Description of the task: Without the pictures, output all of the data exactly.

[Source data]

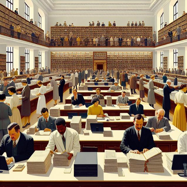 ChatGPT: Generate an image of a spacious library in South Carolina. In the foreground, there are rows of archivists carefully organizing shelves filled with various records and documents. In the background, a group of curious visitors gathers around a computer, pleasantly engrossed in their search. The scene presents a juxtaposition of diligent work and modern curiosity, capturing the essence of the library's evolving role as a destination for exploring the archives of "suspicious" activity. The minimalism of the image emphasizes the contrast between the traditional library atmosphere and the contemporary interests of its visitors.
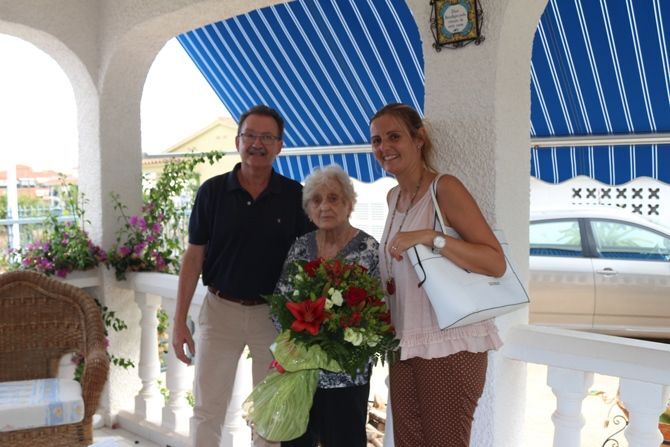 El alcalde, Francisco Juan Mars, y la concejala María Agut, visitaron a Francisca Bayarri en su domicilio para hacerle entrega de un ramo de flores y una placa conmemorativa en nombre de todos los vecinos y vecinas de la localidad, en la cual se podía leer la frase “Sin vosotros no seríamos los de hoy”.
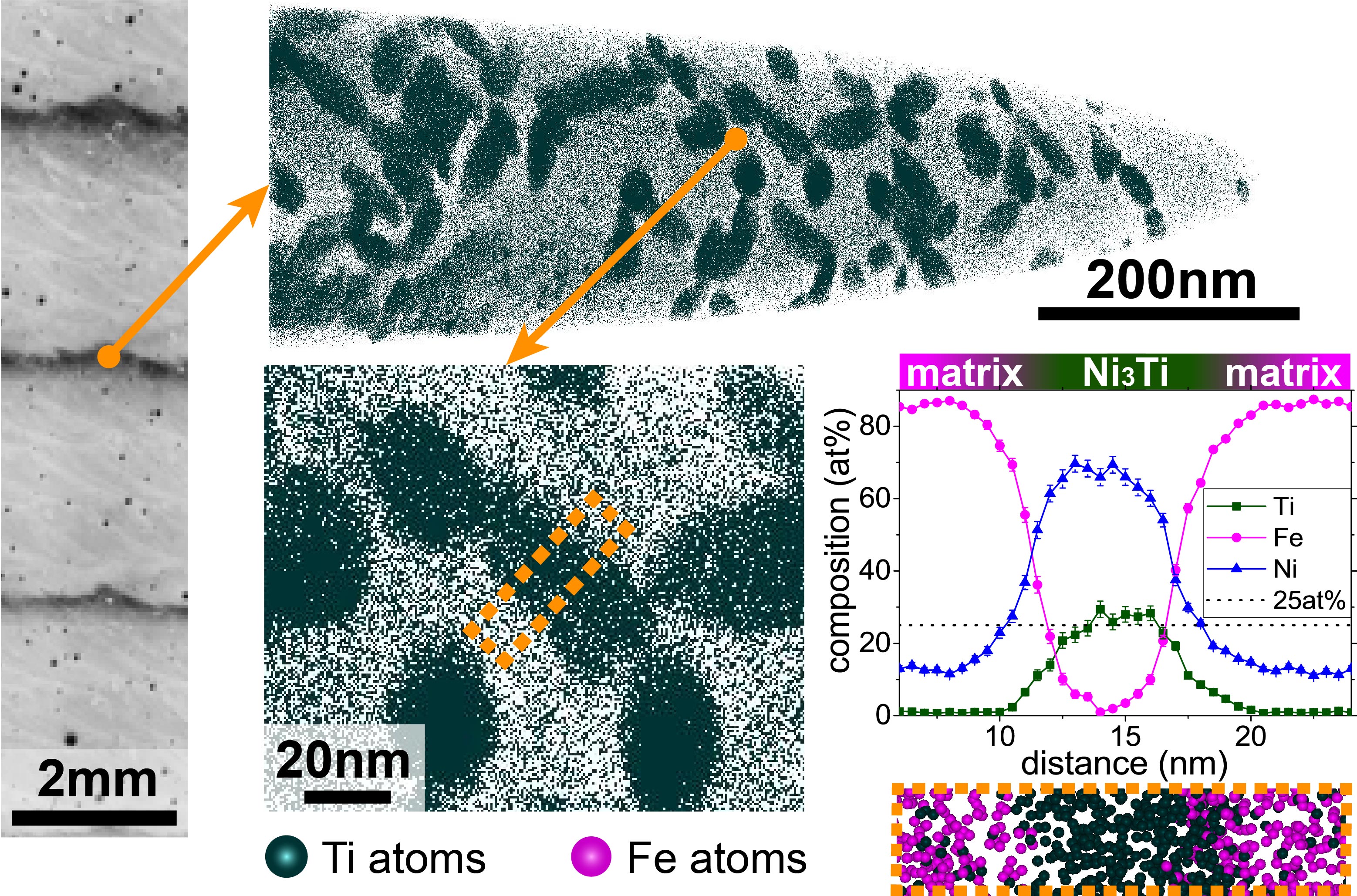 “We designed a new iron, nickel and titanium based steel that is tailor-made for additive manufacturing processes. This new steel is capable of exploiting advantages of directed energy deposition, such as the intrinsic heat treatment capability. By controlling the temperature and cooling rates, we were able to digitally control the alloys’ microstructure layer by layer and gained a maraging steel with adjustable properties”, explains Kürnsteiner, postdoctoral researcher in the groups “Alloys for Additive Manufacturing” (AAM) and “Atom Probe Tomography” and first author of the ‘Nature’ publication. Directed energy deposition is one of the most popular additive manufacturing techniques. Samples are built from computer models in a fully digitalized manner by melting metallic powder with a focused laser beam. The layer by layer construction, typical for additive manufacturing processes, gave the chance to mimic the structure of Damascus steels. Damascus steels gain their high strength and ductility through a structure of soft and hard layers, which is achieved through repeated folding and forging. “Instead of folding and forging, we used the digital control over the process parameters. We exploited the complex thermal history of additive manufacturing, including cyclic re-heating to trigger the phase transformations needed for high strength and ductility: first, a formation of a nickel rich martensite microstructure transformed from austenite. Second, the formation of nickel-titanium precipitates, which leads to a hardening effect.”, explains Jägle, head of the AAM group and since January 2020 also professor at the Universität der Bundeswehr München. The scientists gained control over the cooling-down of the sample via specific pause times that were introduced during the additive manufacturing process. This allowed to control the sequence of the two phase transformations and hence alternate between hardened and non-hardened regions. In order to study the complex and highly hierarchical microstructure of additively manufactured steels, a combination of different analytical techniques including electron backscatter diffraction and atom probe tomography was used. This allowed to draw a complete picture of the microstructure ranging from hardened layers occurring on a millimetre length scale to solidification structures on a micrometre scale down to nanometre sized nickel-titanium precipitates that were triggered by the intrinsic heat treatment.

[/Source data]

Output below:
 ChatGPT: Generate an image of a spacious library in South Carolina. In the foreground, there are rows of archivists carefully organizing shelves filled with various records and documents. In the background, a group of curious visitors gathers around a computer, pleasantly engrossed in their search. The scene presents a juxtaposition of diligent work and modern curiosity, capturing the essence of the library's evolving role as a destination for exploring the archives of "suspicious" activity. The minimalism of the image emphasizes the contrast between the traditional library atmosphere and the contemporary interests of its visitors.
 El alcalde, Francisco Juan Mars, y la concejala María Agut, visitaron a Francisca Bayarri en su domicilio para hacerle entrega de un ramo de flores y una placa conmemorativa en nombre de todos los vecinos y vecinas de la localidad, en la cual se podía leer la frase “Sin vosotros no seríamos los de hoy”.
 “We designed a new iron, nickel and titanium based steel that is tailor-made for additive manufacturing processes. This new steel is capable of exploiting advantages of directed energy deposition, such as the intrinsic heat treatment capability. By controlling the temperature and cooling rates, we were able to digitally control the alloys’ microstructure layer by layer and gained a maraging steel with adjustable properties”, explains Kürnsteiner, postdoctoral researcher in the groups “Alloys for Additive Manufacturing” (AAM) and “Atom Probe Tomography” and first author of the ‘Nature’ publication. Directed energy deposition is one of the most popular additive manufacturing techniques. Samples are built from computer models in a fully digitalized manner by melting metallic powder with a focused laser beam. The layer by layer construction, typical for additive manufacturing processes, gave the chance to mimic the structure of Damascus steels. Damascus steels gain their high strength and ductility through a structure of soft and hard layers, which is achieved through repeated folding and forging. “Instead of folding and forging, we used the digital control over the process parameters. We exploited the complex thermal history of additive manufacturing, including cyclic re-heating to trigger the phase transformations needed for high strength and ductility: first, a formation of a nickel rich martensite microstructure transformed from austenite. Second, the formation of nickel-titanium precipitates, which leads to a hardening effect.”, explains Jägle, head of the AAM group and since January 2020 also professor at the Universität der Bundeswehr München. The scientists gained control over the cooling-down of the sample via specific pause times that were introduced during the additive manufacturing process. This allowed to control the sequence of the two phase transformations and hence alternate between hardened and non-hardened regions. In order to study the complex and highly hierarchical microstructure of additively manufactured steels, a combination of different analytical techniques including electron backscatter diffraction and atom probe tomography was used. This allowed to draw a complete picture of the microstructure ranging from hardened layers occurring on a millimetre length scale to solidification structures on a micrometre scale down to nanometre sized nickel-titanium precipitates that were triggered by the intrinsic heat treatment.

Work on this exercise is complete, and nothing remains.